Der amerikanische Kabelkonzern Liberty Global, der von John Malone kontrolliert wird, hat einen Bericht über weitere Zukaufpläne im deutschen Kabelmarkt dementiert. Ein Unternehmenssprecher bezeichnete entsprechende Informationen des „Handelsblatt“ als „reine Spekulation“. „Es gibt derzeit keine Pläne für weitere Akquisitionen in Deutschland“, sagte er am 11. Januar der Nachrichtenagentur Reuters.
Zuvor hatte das „Handelsblatt“ berichtet, der US-Medienunternehmer John Malone wolle langfristig alle großen deutschen Kabelanbieter übernehmen. Als nächsten Schritt nehme er Kabel Baden-Württemberg (Kabel BW) ins Visier, schreibt die Zeitung am 11. Januar unter Berufung auf das Umfeld von Malones Konzern Liberty Global. Im vergangenen November hatte Malone 3,5 Milliarden Euro für den zweitgrößten deutschen Kabelnetzbetreiber Unitymedia geboten, dem Deal muss noch die Europäische Kommission zustimmen.

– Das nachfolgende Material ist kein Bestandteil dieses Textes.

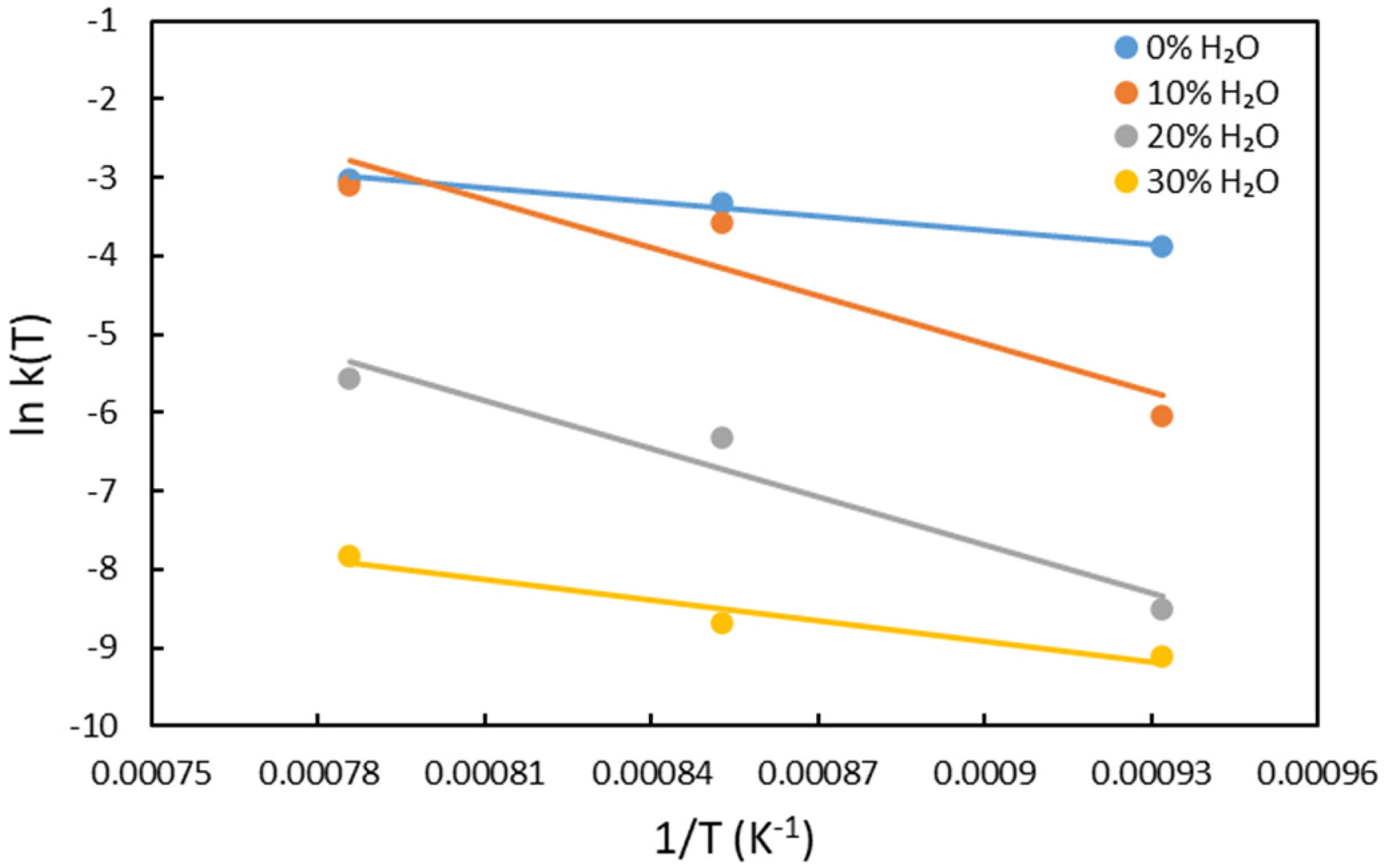 The Arrhenius plots for the second stage of reduction are displayed in Figure 11. From the slope analysis, the activation energy was determined to be 134.65, 145.89 and 177.40 kJ/mol for reductions with 0%, 10% and 20% water vapour, respectively. This indicates that increasing water vapour content leads to a rise in activation energy. Additionally, when compared to the values in Table 3, the calculated activation energies fall within the range associated with solid-state diffusion, which can be attributed to the formation of a solid metallic iron layer on the pellet surface.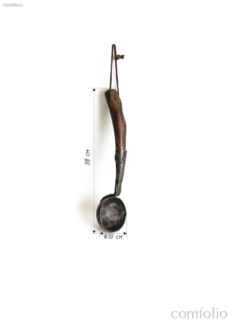 Кованый черпак станет украшением Вашей сауны. Удобная деревянная ручка с кожаным шнурком для подвеса и ковш ручной работы изготовлены нашими мастерами специально для Вас.Объём 200 мл, цвет ручки - светлый.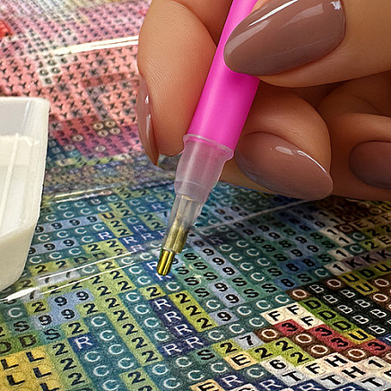 a job for long hours – diamond embroidery involves filling the finished pattern in the image with small diamonds in different colors, it's a job that takes many hours and doesn't require any special skills, just patience and precision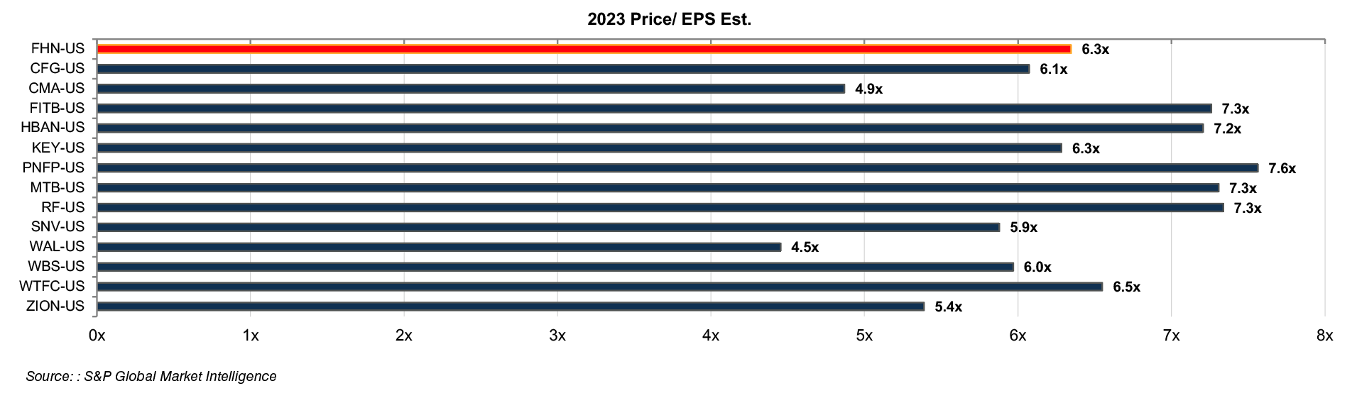 When FHN released 1Q23 earnings on April 19 without any updated written commentary about the then pending TD deal (FHN discontinued quarterly conference calls once the deal was announced), the shares did not move much given the then 26% discount to the $25 per share cash price. However, the shares fell to about $10 per share with the announcement that the parties terminated the deal on May 4.

Die Unity-Übernahme sei nur der erste Schritt in Malones Deutschland-Plan, heißt es im „Handelsblatt“. Unitymedia ist nur in Nordrhein-Westfalen und Hessen vertreten. Es mache für Malone keinen Sinn, nur in zwei Bundesländern aktiv zu sein, heiße es in der Branche. Die Eigentümer von Kabel Deutschland (KDG) und Kabel BW wollten ohnehin verkaufen. Kabel Baden-Württemberg gehört dem schwedischen Finanzinvestor EQT, KDG dem amerikanischen Private- Equity-Unternehmen Providence. In der Branche werde ein Kaufpreis von rund 1,5 Milliarden Euro genannt. Malone wollte bereits Anfang des Jahrzehnts die Kabelnetze von der Deutschen Telekom übernehmen, die später an verschiedene Anbieter gingen. Er war jedoch Anfang 2002 vom Bundeskartellamt gestoppt worden.